Data in this exercise =>
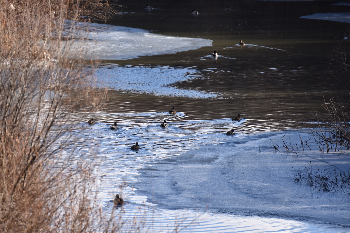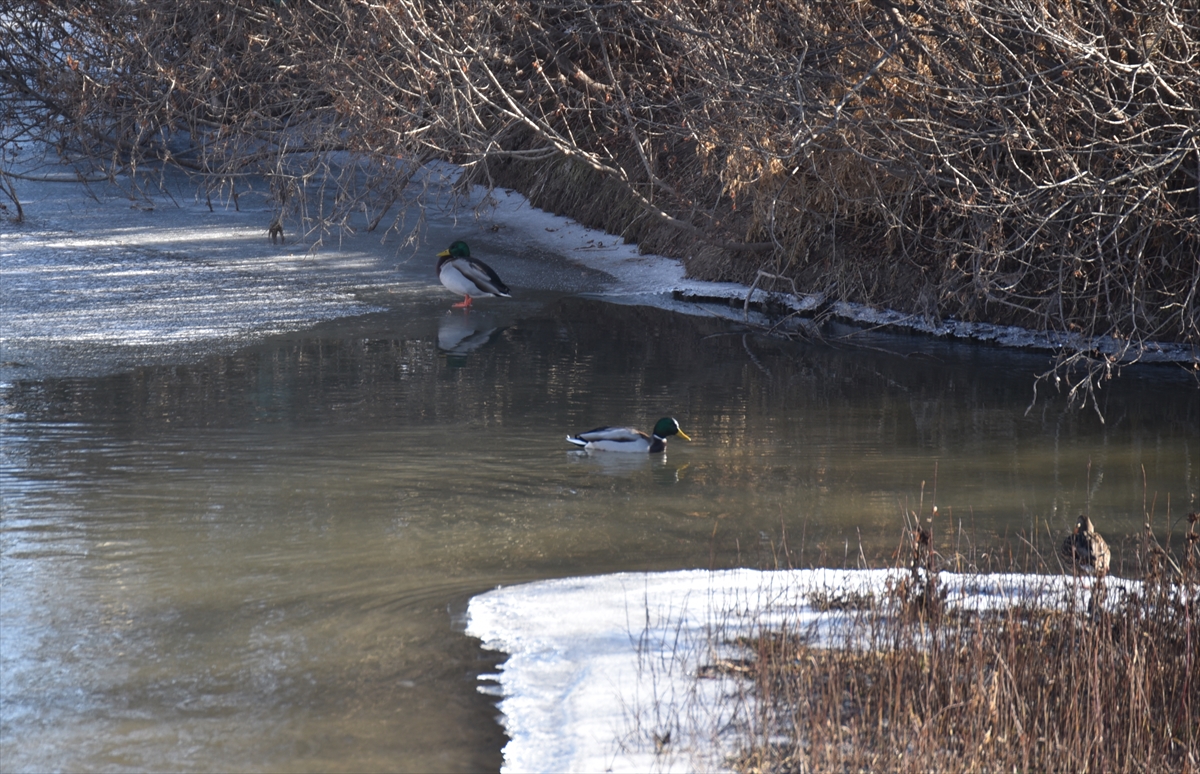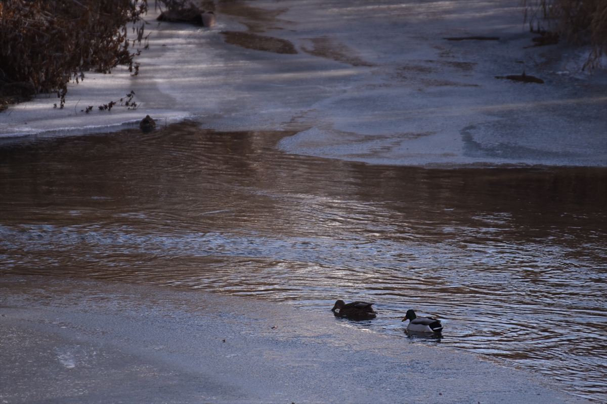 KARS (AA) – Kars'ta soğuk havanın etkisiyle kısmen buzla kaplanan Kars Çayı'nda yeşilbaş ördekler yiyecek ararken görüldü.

* * *

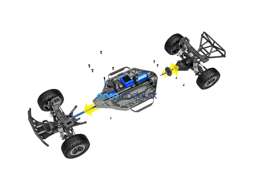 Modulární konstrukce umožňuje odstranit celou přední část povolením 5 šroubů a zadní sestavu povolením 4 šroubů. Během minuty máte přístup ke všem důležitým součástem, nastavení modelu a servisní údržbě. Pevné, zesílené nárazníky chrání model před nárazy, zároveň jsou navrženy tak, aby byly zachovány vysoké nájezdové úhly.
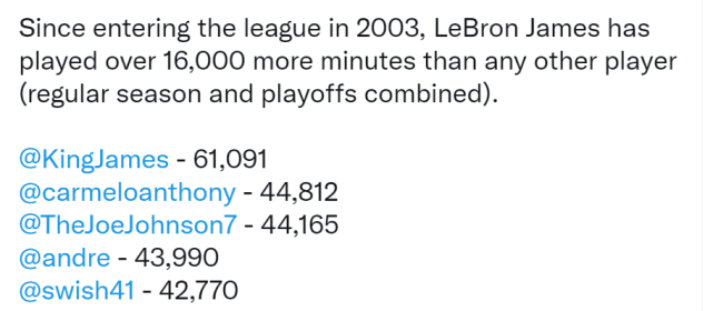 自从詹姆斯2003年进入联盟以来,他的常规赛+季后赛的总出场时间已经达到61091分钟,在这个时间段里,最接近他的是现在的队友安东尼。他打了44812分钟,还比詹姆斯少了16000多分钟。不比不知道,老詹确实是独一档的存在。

Activity => Precisely those lines above that run from the line with "Modulární konstrukce umožňuje" up to and including the line with "自从詹姆斯2003年进入联盟" are to be set down, with the pictures omitted.

Task result =>
 Modulární konstrukce umožňuje odstranit celou přední část povolením 5 šroubů a zadní sestavu povolením 4 šroubů. Během minuty máte přístup ke všem důležitým součástem, nastavení modelu a servisní údržbě. Pevné, zesílené nárazníky chrání model před nárazy, zároveň jsou navrženy tak, aby byly zachovány vysoké nájezdové úhly.
 自从詹姆斯2003年进入联盟以来,他的常规赛+季后赛的总出场时间已经达到61091分钟,在这个时间段里,最接近他的是现在的队友安东尼。他打了44812分钟,还比詹姆斯少了16000多分钟。不比不知道,老詹确实是独一档的存在。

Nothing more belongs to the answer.